There's the connection. You think you have ground truth. No such thing exists

  • It's even simpler than what 'rfrey said. You're here using "ground truth" in some kind of grand epistemic sense, and I simply mean "whether the exit code from a program was 1 or 0".

    You can talk about how meaningful those exit codes and error messages are or aren't, but the point is that they are profoundly different than the information an LLM natively operates with, which are atomized weights predicting next tokens based on what an abstract notion of a correct line of code or an error message might look like. An LLM can (and will) lie to itself about what it is perceiving. An agent cannot; it's just 200 lines of Python, it literally can't.

    •   > You're here using "ground truth" in some kind of grand epistemic sense
      

      I used the word "ground truth" because you did!

        >> in agent loops with access to ground truth about whether things compile and pass automatic acceptance.
      

      Your critique about "my usage of ground truth" is the same critique I'm giving you about it! You really are doing a good job at making me feel like I'm going nuts...

        > the information an LLM natively operates with,
      

      And do you actually know what this is?

      I am a ML researcher you know. And one of those ones that keeps saying "you should learn the math." There's a reason for this, because it is really connected to what you're talking about here. They are opaque, but they sure aren't black boxes.

      And it really sounds like you're thinking the "thinking" tokens are remotely representative of the internal processing. You're a daily HN user, I'm pretty sure you saw this one[0].

      I'm not saying anything OpenAI hasn't[1]. I just recognize that this applies to more than a very specific narrow case...

      [0] https://cdn.openai.com/pdf/34f2ada6-870f-4c26-9790-fd8def563...

      3 replies →

  • Yes it does. Ground truth is what 30 years of experience says constitutes mergeable code. Ground truth doesn't mean "perfect, provably correct code", it means whatever your best benchmark for acceptable code is.

    In medical AI, where I'm currently working, "ground truth" is usually whatever human experts say about a medical image, and is rarely perfect. The goal is always to do better than whatever the current ground truth is.

    • I understand how you interpreted my comment as this. That's my bad.

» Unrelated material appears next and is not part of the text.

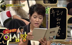 “2012년 12월 1일 오늘은 평균 시청률 28.2%를 기록하며 한국 최고의 토크 프로로 자리잡은 '강심장’ 녹화를 왔다. 아 제목이 바뀌었지. '이심장’에 왔다. 이승기씨가 단독MC를 맡은 지도 벌써 9개월이 지났다. 9개월 전 강호동은 불현듯 자신의 고향인 씨름판으로 돌아가기 위해 홍샅바를 들고 연예계를 떠났다. 이승기가 MC를 본지도 9개월이 돼간다. 참 재밌는 사람이었는데 보고싶다.”

      But even when taking state of the art knowledge as a ground truth aligning to that is incredibly hard. Medicine is a great example. You're trying to create a causal graph in a highly noisy environment. You ask 10 doctors and you'll get 12 diagnoses. The problem is subtle things become incredibly important. Which is exactly what makes measurements so fucking hard. There is no state of the art in a well defined sense.

      The point is that in most domains this is how things are. Even in programming.